As taking chemical drugs during pregnancy could be risky, decreasing of symptoms
through non-medicinal actions like taking rest, eating small pieces of bread
during the day, having small but frequent meals and avoiding tasty, oily and
fried foods, is more suggested (Jueckstock et al.,
2010; Mylonas et al., 2007). Antihistamine,
Vitamin B6 and metoclopramide are the other suggested medicines, however taking
most of these drugs during pregnancy may have side effects and they are not
among Group A drugs (Jueckstock et al., 2010; Quinlan
and Hill, 2003; King and Murphy, 2009). Herbal medicine
may have good effects (Karim et al., 2011). Ginger
is used as a common herbal medicine in different countries and it could be effective
in curing this complication (Jewell, 2003; Quinlan
and Hill, 2003; Willetts et al., 2003). Willetts
et al. (2003) demonstrated that ginger can reduce nausea and it does
not affect embryo. Nevertheless, the effect of this herbal medicine is still
controversial and needs further researches (Borrelli et
There is no study comparing the effects of using ginger and metoclopramide on treatment of pregnancy nausea. This study assesses the effects of ginger on nausea and vomiting caused by pregnancy and compares it with metoclopramide medicine.
MATERIALS AND METHODS
This study was a randomized double-blind controlled trial, which conducted
after verification by ethical committee of Kurdistans University of Medical
sciences. All women who passed less than 20 weeks of pregnancy, referred to
Besat Hospital, were assessed. Main outcome was vomiting and nausea severity
that assessed by Rhodes Index. Considering δ = 3.5, α = 5%, β
= 10% and d = 3, the population size was calculated as 28 participants in each
group; considering a down flow of 20%, 34 participants were included in each
Patients were visited by gynecologists and medical examination and test were taken to find other diseases and to rule out twin pregnancy pregnancies and pregnancy complications. The tests included blood glucose, hepatic and pancreatic enzyme. After diagnosing vomiting and nausea and fulfilling inclusion criteria, participants were entered in the study. Inclusion criteria were: a single pregnancy and inefficacy of food regimens in controlling vomiting and nausea. Exclusion criteria were: suffering from other diseases that need drugs for treatment, hepatitis, gastritis, rise of intra cranial pressure and pancreatitis, side effects caused by ginger intolerance, metoclopramide side effects (extra pyramidal side effects) and pregnancy side effects like abortion risk, bleeding and pyelonephritis. After signing informed consent form, patients were divided into three groups based on random block allocation (Fig. 1).

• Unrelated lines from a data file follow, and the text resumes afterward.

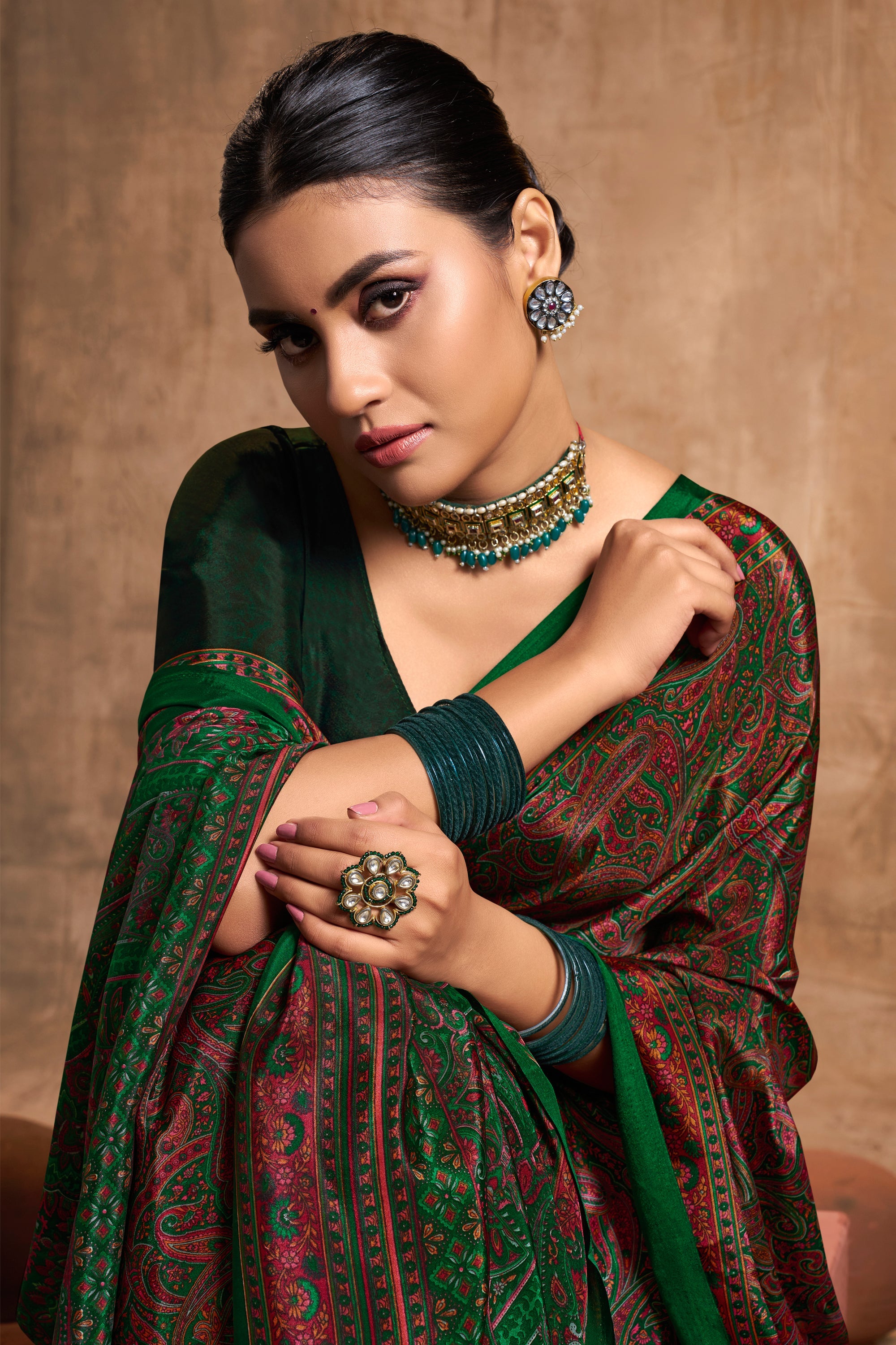 Green Color Daily Wear Classic Printed Crepe Silk Fabric Saree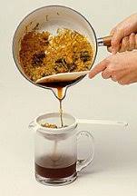 7.Strain through a muslin cloth in a strainer, coffee filter paper or jelly bag, pressing out all the liquid. Discard the herbs and use for garden compost.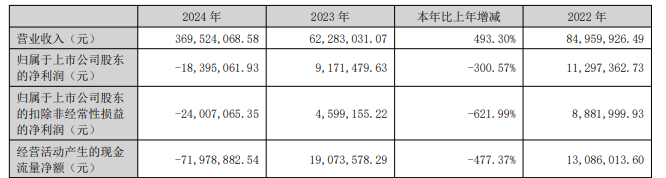 群兴玩具2024年年度报告显示,公司报告期内营业总收入为3.70亿元,同比增长493.30%;归属于上市公司股东的净利润为-1839.51万元;归属于上市公司股东的扣除非经常性损益的净利润为-2400.71万元;经营活动产生的现金流量净额为-7197.89万元。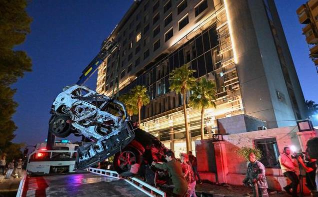 突然,天空中传来一阵呼啸声,以色列的战机如死神降临,一枚炸弹精准落下,瞬间,汽车被火光吞噬,化为一堆废铁,车内的欢声笑语戛然而止,只剩下无尽的绝望与恐惧。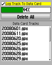 Q: Saved Tracks lose information. The GPS records a Track as you ride and this can be inspected later to re-live your ride on computer and show exactly where you've been. In times to come this could become another option to Brevet Cards and till receipts when validating AUK rides - especially Permanents. If you Save your track in the Garmin before downloading it, you'll find that useful information such as timestamps and altitude has been lost - it is now useless for validation purposes. In fact the saved tracks in the Etrex are limited to a maximum of 500 trackpoints each. In normal cycling use, 500 trackpoints represents around 30km, so if you Save any ride longer than that its going to get downsampled to fit the 500 points limit, and although the track still shows where you've been, you lose all that other vital information in the process. The way round this problem, if you have an 'x' model of GPS, that is, one with a data card, is to go into the Tracks menu and dig deeper still, through Setup to Data Card Setup, where you'll find a tickbox to Log Track To Data Card. With this, the GPS simply automatically records a 'track per day' onto the card, and these daily logs are not limited in any way - all the information is there. As you can see from the screenshot, the date of each file is embedded in its name. Out of the box, this logging option is not ticked, so you need to go in and enable it. (Note that on this page, Delete All will NOT delete your maps - only your tracks. Phew!)
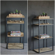Каркас: профильная труба 20х20 мм.Прочное полимерно-порошковое покрытие черного, белого и серого цвета Дерево: массив сосны 20 мм, покрытое специальным маслом для мебели, цвета на выбор: бесцветный, белый, серый, махагон, орех, морёный дуб, черный, клён, черный графит, голубой графит, темное золото графит, золото графит.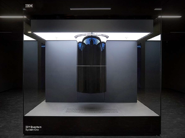 - IBM Q System One je první komerční kvantový počítač s 20 qubity, který byl představen v lednu 2019. Jeho první umístění propagovala poté firma 15. června 2021 ve své centrále v německém Ehningenu – viz obr. 2.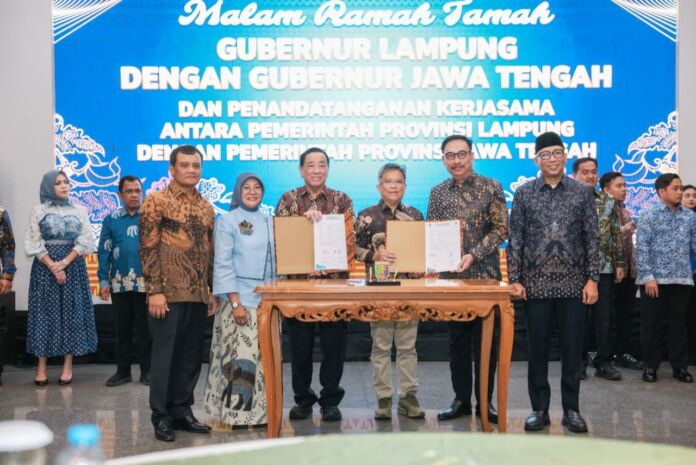 Semarang, Idola 92,6 FM-Pemprov Jawa Tengah dan Pemprov Lampung melakukan penandatanganan sebanyak 11 kerja sama berbagai bidang, dengan nilai transaksi mencapai Rp832,3 miliar per tahun.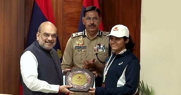 दिल्ली पुलिस हेडक्वार्टर में गृह मंत्री ने सम्मानित किए राष्ट्रमंडल खेलों के पदकवीर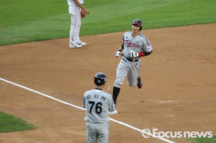 (서울=포커스뉴스) 2일 오후 서울 잠실구장에서 열린 2016 프로야구 LG-두산 경기 1회초 무사, 손주인이 솔로 홈런을 치고 홈으로 달리고 있다.
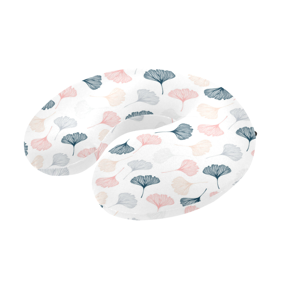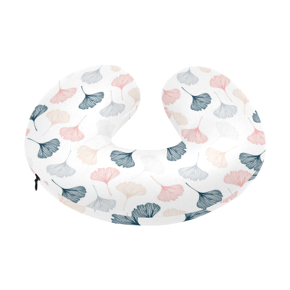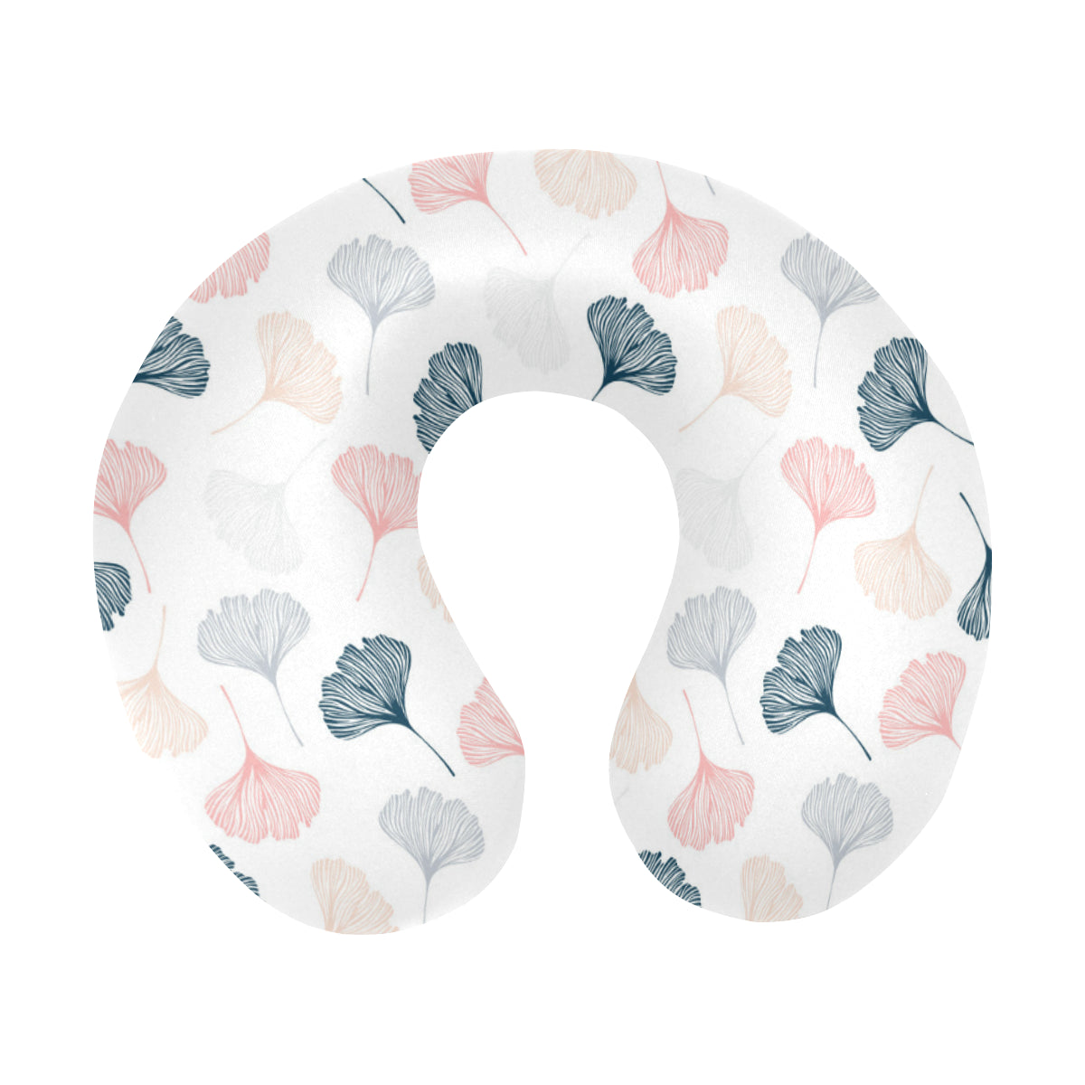 Black Gray Cream coral ginkgo leaves pattern U-Shaped Travel Neck Pillow
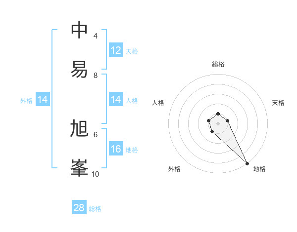 中易 旭峯さんを姓名の画数から五運を鑑定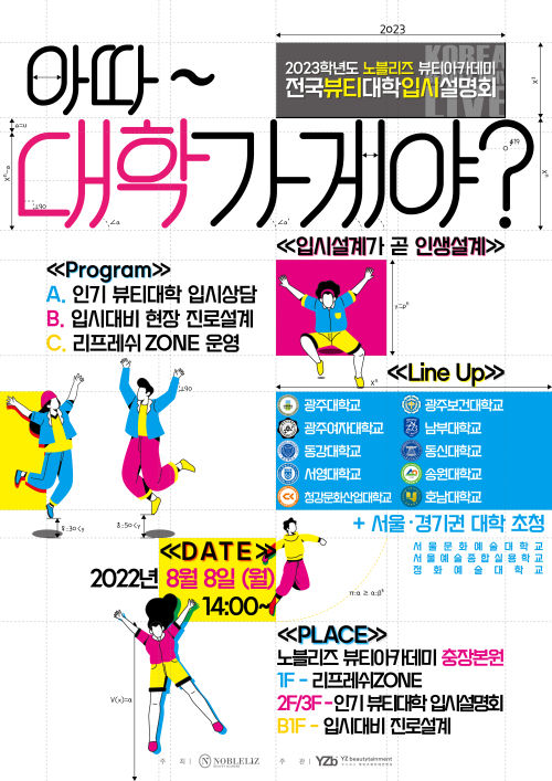 [제주교통복지신문 김현 기자] 노블리즈 뷰티아카데미가 오는 8월 8일 오후 2시 충장 본원에서 2023학년도 미용대학 입시설명회 ‘대학가게야?’를 개최한다고 25일 밝혔다.

The main tools of data collection were two questionnaires; a questionnaire for demographic and background data and Rhodes Index questionnaire for assessment of nausea, vomiting and retching. The questionnaire was translated into Persian and face validity of translated form was confirmed by a group of gynecologists. Its reliability and validity was assessed using 30 patients and its Cronbach's alpha was calculated as 0.87.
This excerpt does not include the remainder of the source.